Morphological identification of diatoms species is subjected to a
bottleneck since the number of expert taxonomists is decreasing whereas
the number of identified taxa is increasing rapidly (Pečnikar and Buzan,
2013). Traditional taxonomic identification relies in morphological
traits and light or electron microscopy, so is time-consuming and
demands specialized knowledge (Blanco, 2020). In addition, the presence
of cryptic species and phenotypic plasticity found in some species may
hinder classical species identification (Hadi et al., 2016). In this
vein, several studies have recently revealed the presence of hidden
diversity on diatoms (Trobajo et al., 2010; Rovira, Trobajo, Sato,
Ibáñez, & Mann, 2015), suggesting that its diversity has like been
underestimated (Mann & Vanormelingen, 2013). As a consequence,
exclusive reliance on morphological traits may lead to ambiguous
identification of taxa (Zimmermann et al., 2011; Kowalska, Pniewski, &
Latała, 2019). To overcome the biases related with morphological
identifications, alternative techniques such as DNA barcoding have been
developed in recent years. The term DNA barcoding was first used by
Arnot, Roper, & Bayoumi (1993) to refer the possibility of
differentiate stocks and lineages of Plasmodium falciparum based
on targeting tandem repeats of circumsporozoite gene. DNA barcoding
relies in a short DNA fragment, which is sequenced and compared with a
reference library, allowing the identification of all taxa independently
of its life stage (Zimmermann et al., 2015; Rimet, Vasselon, Keszte, &
Bouchez, 2018; Hebert, Cywinska, Ball, & deWaard, 2003). In addition,
DNA metabarcoding combine DNA barcoding methods with high-throughput
techniques (HTS) allowing the sequencing of millions of DNA fragments
from many samples simultaneously (Rivera et al., 2017). Metabarcoding
has been applied regularly to inventory taxonomic diversity of
freshwater diatoms since the pioneering study of Kermarrec et al.
(2013). Since then, several studies have highlighted the usefulness of
metabarcoding approach in combination with morphological methods for
diatom biomonitoring (Mora et al., 2019; Zimmermann et al., 2015).

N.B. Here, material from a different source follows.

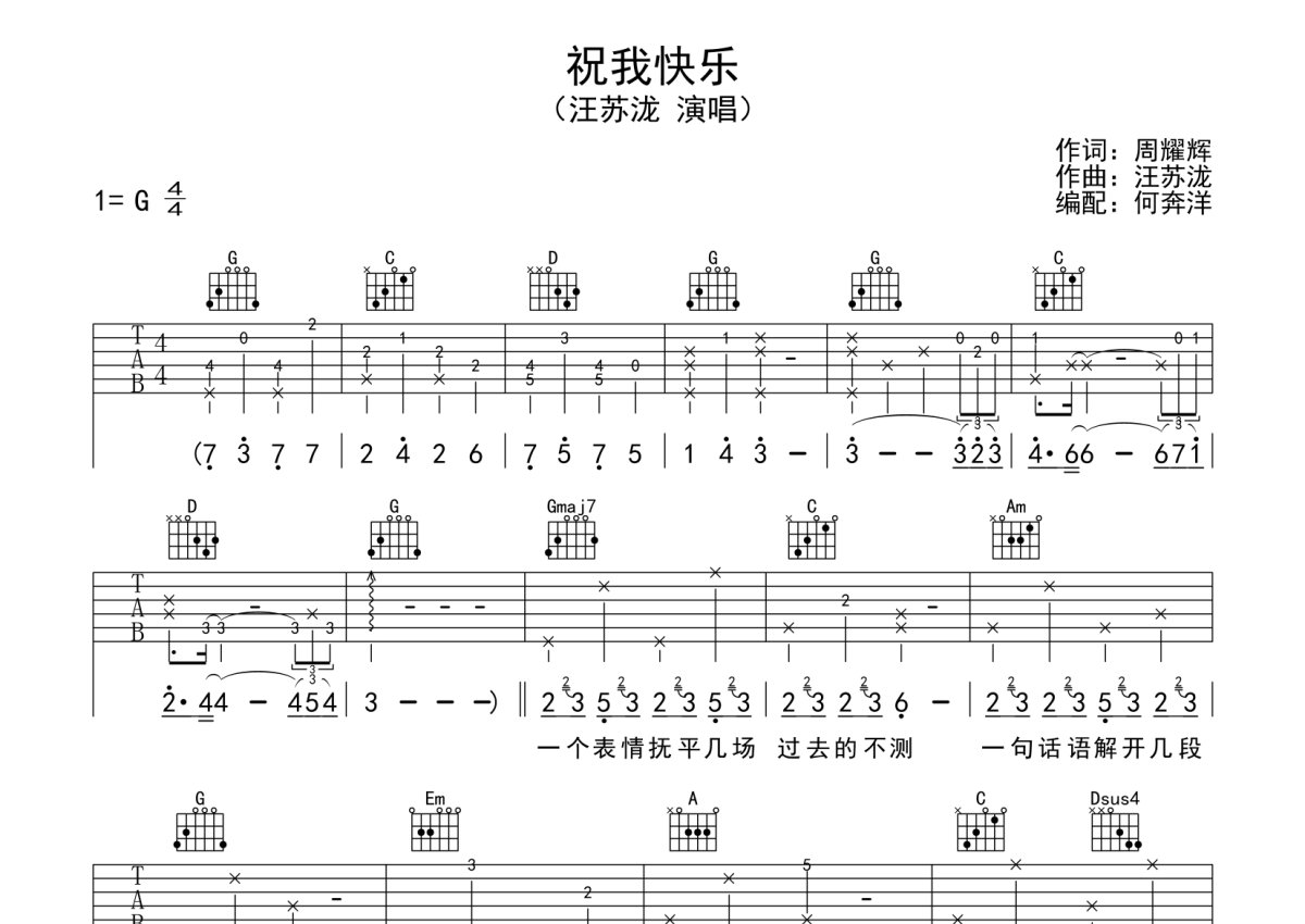 汪苏泷《祝我快乐》吉他谱 - G调弹唱六线谱

However, the incompleteness of reference database still remains as one
of the main biases constraining the accuracy of molecular-based
inventories.
Here, we used a comprehensive dataset of 22 ponds located in a
Mediterranean landscape to (i) assess if morphological and metabarcoding
approaches could be comparable methods in β-diversity studies of benthic
diatoms, and (ii) test whether environmental filtering and dispersal
limitation, predictably assemble diatom communities. Importantly, we
also assessed the influence of taxonomic resolution (genera and species
level) on the observed community-level patterns and processes. We
focused our study exclusively on incidence values, avoiding the use of
abundance values in order to prevent the biases related with the copy
number variation of the marker gene per cell (Vasselon, Domaizon, Rimet,
Kahlert, & Bouchez, 2017). Following recent works (Rimet et al., 2018;
Medlin, 2018; Kowalska et al., 2019), we hypothesized that morphological
methods based on light microscopy and metabarcoding approach provide
similar results when it comes to the β-diversity patterns of diatom
metacommunities (Hyphothesis 1 ). On the other hand, we expected
to find a relationship between environmental template and compositional
variation, since freshwater diatoms have usually been found to be
strongly related to environmental dissimilarity at regional extents
(Hyphotesis 2 ; Declerk, Coronel, Legendre, & Brendonck, 2011).